Data excerpts START
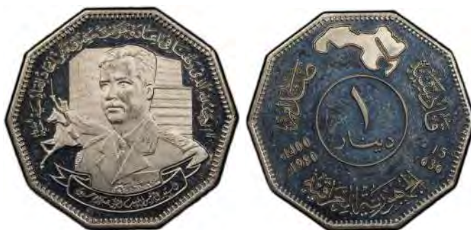
تصویر ۳. سکه یک دینار یادبودی جمهوری عراق به مناسبت نخستین سالگرد آغاز ریاست جمهوری صدام حسین (https://www.sarc.auction/IRAQ-Republic-1-dinar-1980-AH1400-PCGS-Proof-64-)
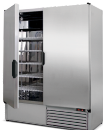
model Z/2N R-290 / ecoline / standard wnętrze ze stali nierdzewnej „lustro” korpus ze stali nierdzewnej „szlif”
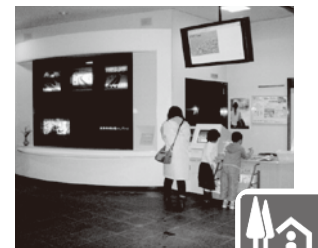
道の駅の情報コーナー

道の駅の「情報コーナー」では道路情報を提供していますので、お立ち寄りの際はぜひご確認ください。また、走行中には、温度表示板や道路情報板をご確認ください。
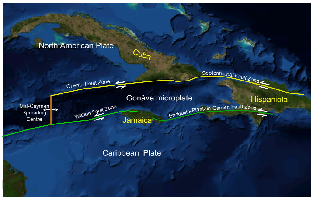
Slika A.2: Prikaz regionalnih tektonskih prelomnic
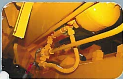
Frein de secours à réserve d'énergie
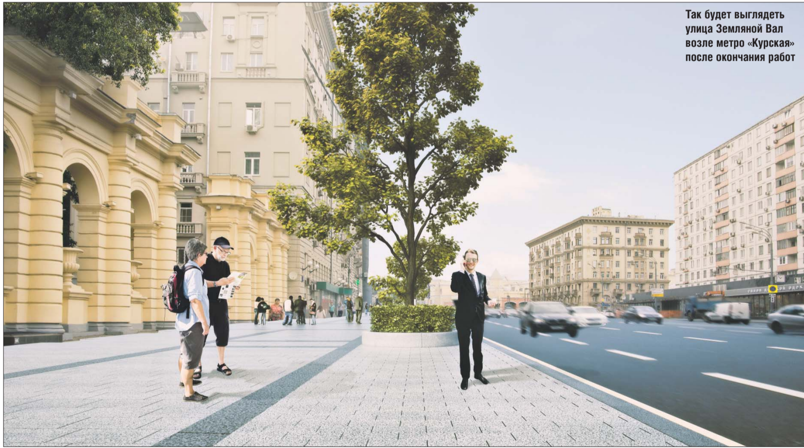
Так будет выглядеть улица Земляной Вал возле метро «Курская» после окончания работ

Жалобы граждан будут рассмотрены в течение восьми дней
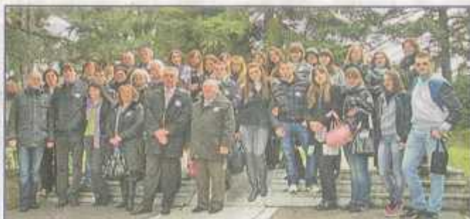
Следеће окупљање у Загребу 2011. године

— Мислим да су ови пројекти неопходни јер помажу да се млади уче на грешкама старијих, да се „отворе“, повежу и остваре контакте. Кад једног дана постану угледни стручњаци
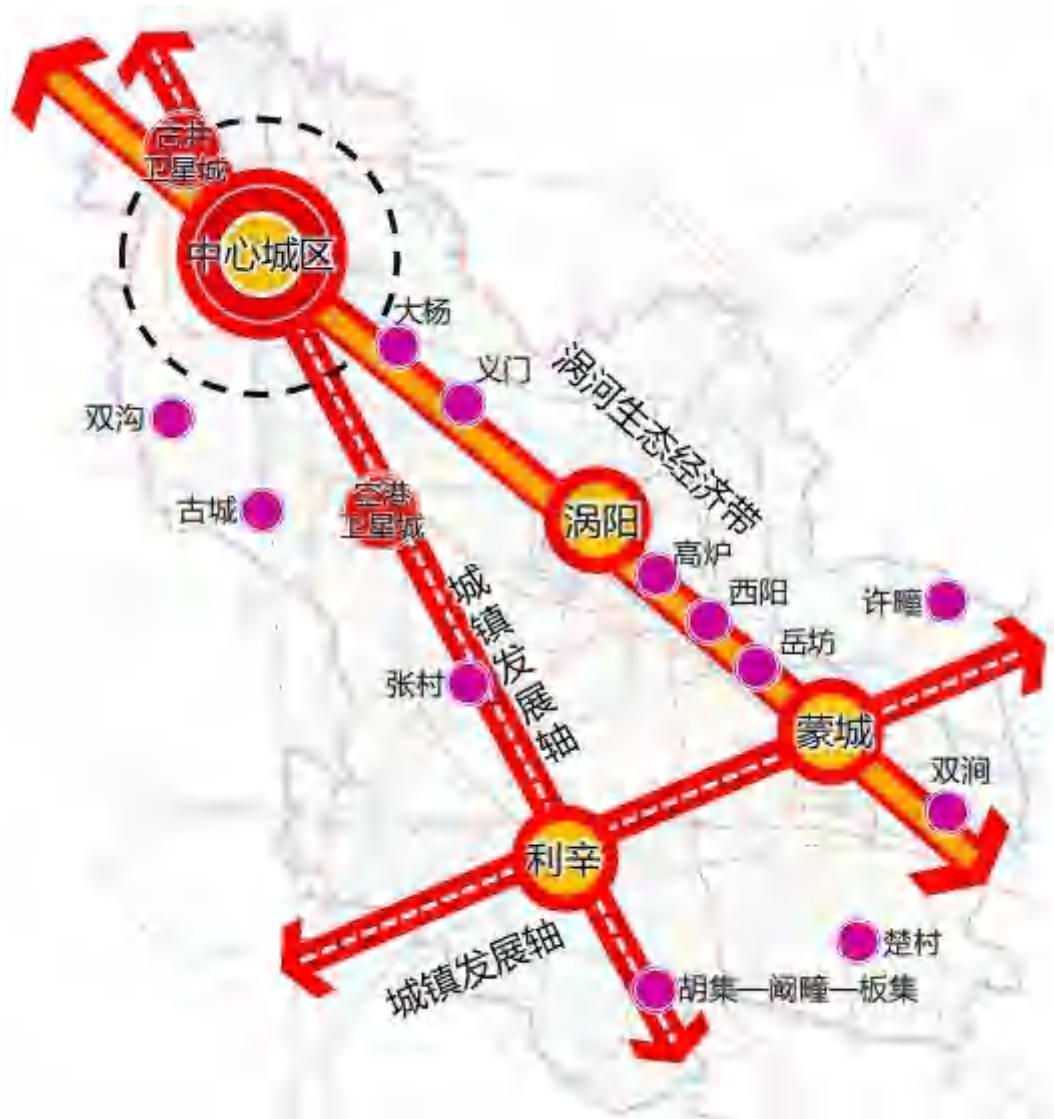
图 2 亳州市城镇化空间发展战略布局图
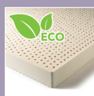
ECO Latex Foam 舒適順型乳膠
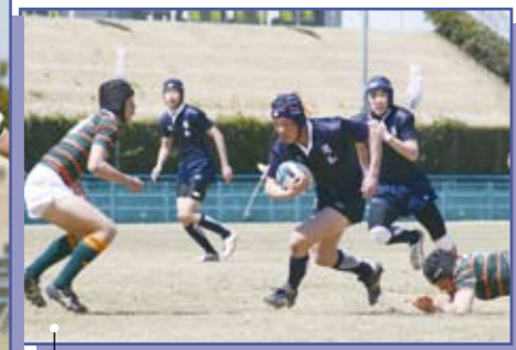
県立浦和(紺) × 仙台第三(緑オレンジ)
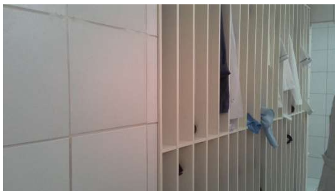
13.5. Vestiário do centro cirúrgico
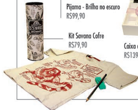
Kit Savana Cofre RS79,90
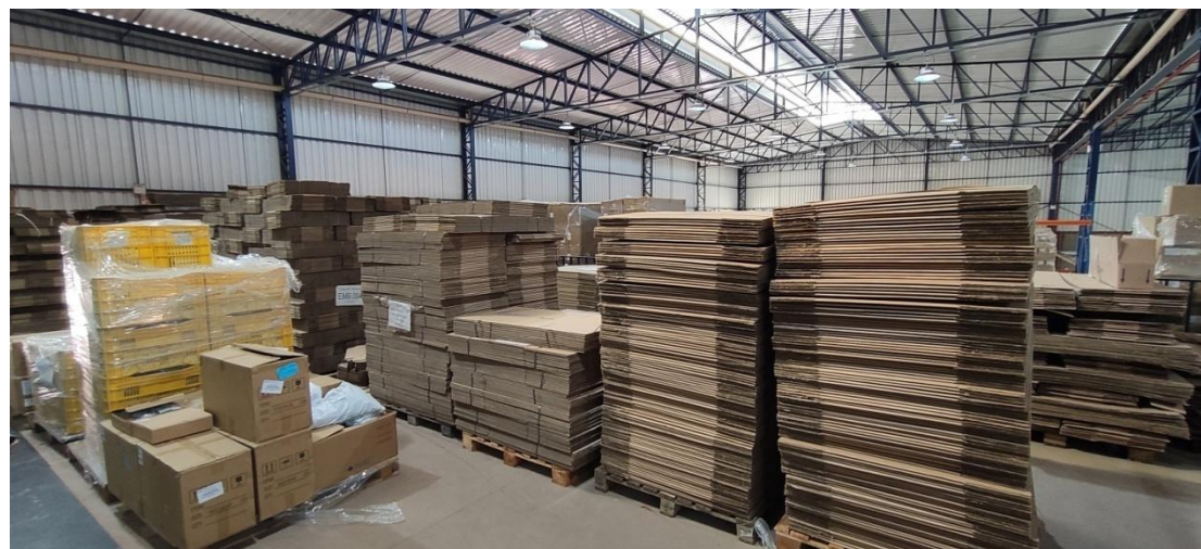
Figura 3. Mesanino de estocagem de embalagens
Data excerpts END
→ Activity
Give the lines from the one containing "13.5. Vestiário do centro cirúrgico" through the final line of the material again, exactly and in full, but without pictures.

→ Response area
13.5. Vestiário do centro cirúrgico
Kit Savana Cofre RS79,90
Figura 3. Mesanino de estocagem de embalagens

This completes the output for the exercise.